- [TO DO]: Begin at the top of the entries below and write out every line through the one containing "二井関 晏士さんを姓名の画数から五運を鑑定", excluding pictures.

BEGIN RECORDS TO PROCESS

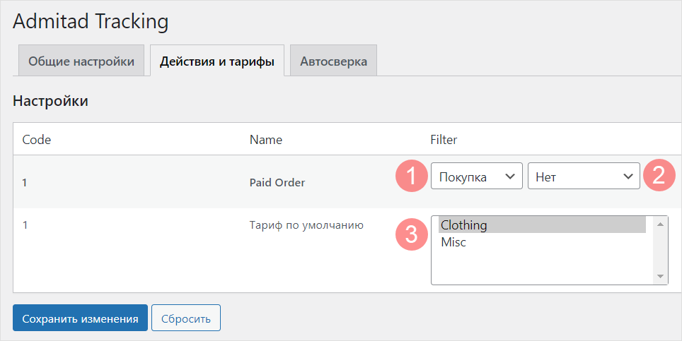1. На вкладке «Действия и тарифы» в таблице отображаются действия и тарифы в соответствии с настройками вашей программы в Admitad.
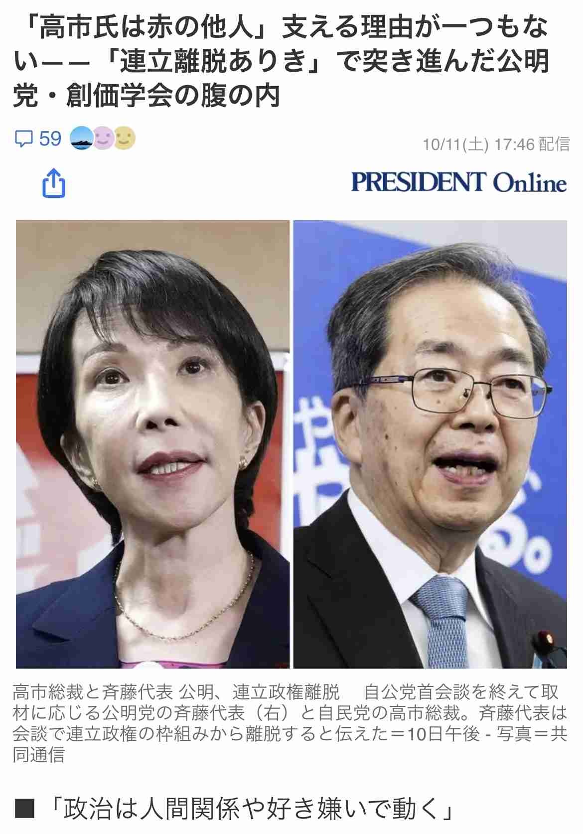 「高市氏は赤の他人」支える理由が一つもない──「連立離脱ありき」で突き進んだ公明党・創価学会の腹の内(プレジデントオンライン) - Yahoo!ニュース■「政治は人間関係や好き嫌いで動く」 自民党の権力闘争の火種が公明党・創価学会に飛び火し、炎上した。わずか6日後だった。どんでん返しの自民党総裁選が、公明党の連立政権離脱というちゃぶ台返しを呼びnews.yahoo.co.jp - 2 : 2025/10/11(土) 18:07:19.28 ID:O1iTWDFW0
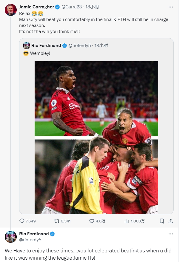 03月18日讯 足总杯1/4决赛,曼联4-3战胜利物浦晋级。费迪南德更新社媒庆祝曼联晋级,卡拉格却在动态下评论:别激动,曼城会在决赛中轻松赢下你们,而滕哈赫下赛季也会继续执教。这不是你想的胜利。
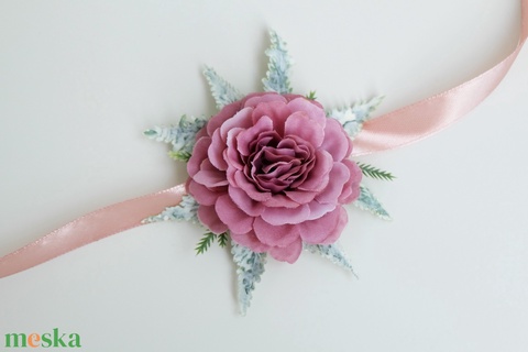 Esküvői csuklódísz selyemvirágból mályva rózsaszín
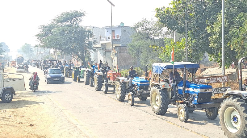 Farmers Protest: बाढड़ा में किसानों ने ट्रैक्टर मार्च निकाला, एसकेएस की काल मिलते ही बार्डर के लिए कूच कर करने को तैयार किसान
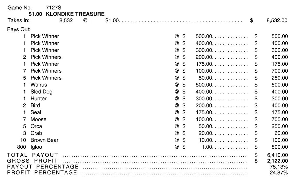 TP7127S – KLONDIKE TREASURE ($1.00) PULLBOARD
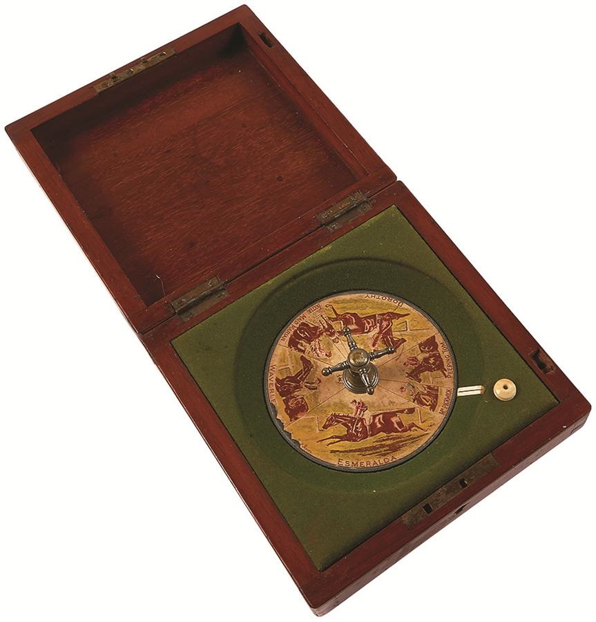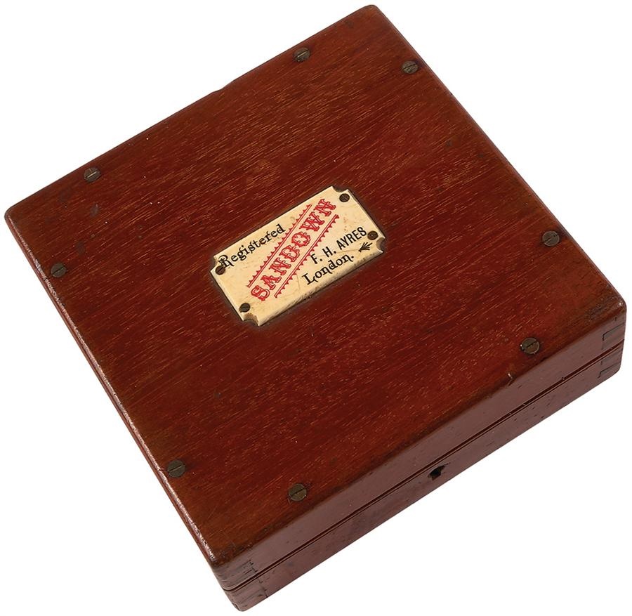 In 1875, Sandown Park opened its gates in Surrey, England, and shortly thereafter, this luscious wooden box was named for the famed racecourse. It measures 6" x 6" and is distinguished by a bone plaque on the top with "SANDOWN REGISTERED F.H. AYRES LONDON" printed. The inside of the box is lined in green felt and features names of period horses. It is missing the ball and key.
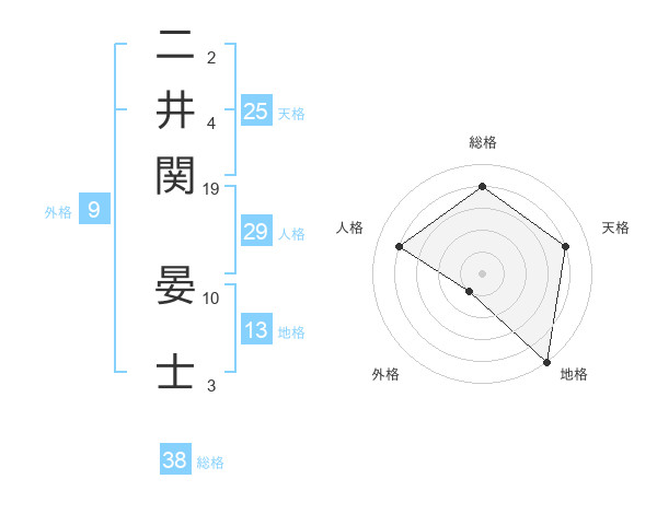 二井関 晏士さんを姓名の画数から五運を鑑定
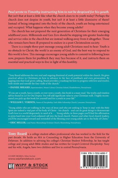 Paul wrote to Timothy instructing him to not be despised for his youth. But isn't that at least a little like what the church does to its youth today? Perhaps the church does not despise its youth, but isn't it at least a little dismissive of them? Instead of being integrated into the body of the church, youth are being entertained and occupied. What happens when they become young adults? The church has not prepared the next generation of Christians for their emerging adulthood years. Millennials and Gen Zers should be stepping into greater leadership and service roles in the church but are instead walking away from it altogether. Those who remain have been ill-prepared to endure in a post-Christendom society. There is a simple three-part message young adult Christians need to hear: Youth is no obstacle to Christ; the world is an enemy of God; and the best way to respond to this world is love. This message encourages young adults to commit to following Jesus now, prepares them for pushback they may face because of it, and instructs them on essential and practical ways to live in light of this hostility.

END RECORDS TO PROCESS

- [WRITTEN SOLUTION]:
1. На вкладке «Действия и тарифы» в таблице отображаются действия и тарифы в соответствии с настройками вашей программы в Admitad.
 「高市氏は赤の他人」支える理由が一つもない──「連立離脱ありき」で突き進んだ公明党・創価学会の腹の内(プレジデントオンライン) - Yahoo!ニュース■「政治は人間関係や好き嫌いで動く」 自民党の権力闘争の火種が公明党・創価学会に飛び火し、炎上した。わずか6日後だった。どんでん返しの自民党総裁選が、公明党の連立政権離脱というちゃぶ台返しを呼びnews.yahoo.co.jp - 2 : 2025/10/11(土) 18:07:19.28 ID:O1iTWDFW0
 03月18日讯 足总杯1/4决赛,曼联4-3战胜利物浦晋级。费迪南德更新社媒庆祝曼联晋级,卡拉格却在动态下评论:别激动,曼城会在决赛中轻松赢下你们,而滕哈赫下赛季也会继续执教。这不是你想的胜利。
 Esküvői csuklódísz selyemvirágból mályva rózsaszín
 Farmers Protest: बाढड़ा में किसानों ने ट्रैक्टर मार्च निकाला, एसकेएस की काल मिलते ही बार्डर के लिए कूच कर करने को तैयार किसान
 TP7127S – KLONDIKE TREASURE ($1.00) PULLBOARD
 In 1875, Sandown Park opened its gates in Surrey, England, and shortly thereafter, this luscious wooden box was named for the famed racecourse. It measures 6" x 6" and is distinguished by a bone plaque on the top with "SANDOWN REGISTERED F.H. AYRES LONDON" printed. The inside of the box is lined in green felt and features names of period horses. It is missing the ball and key.
 二井関 晏士さんを姓名の画数から五運を鑑定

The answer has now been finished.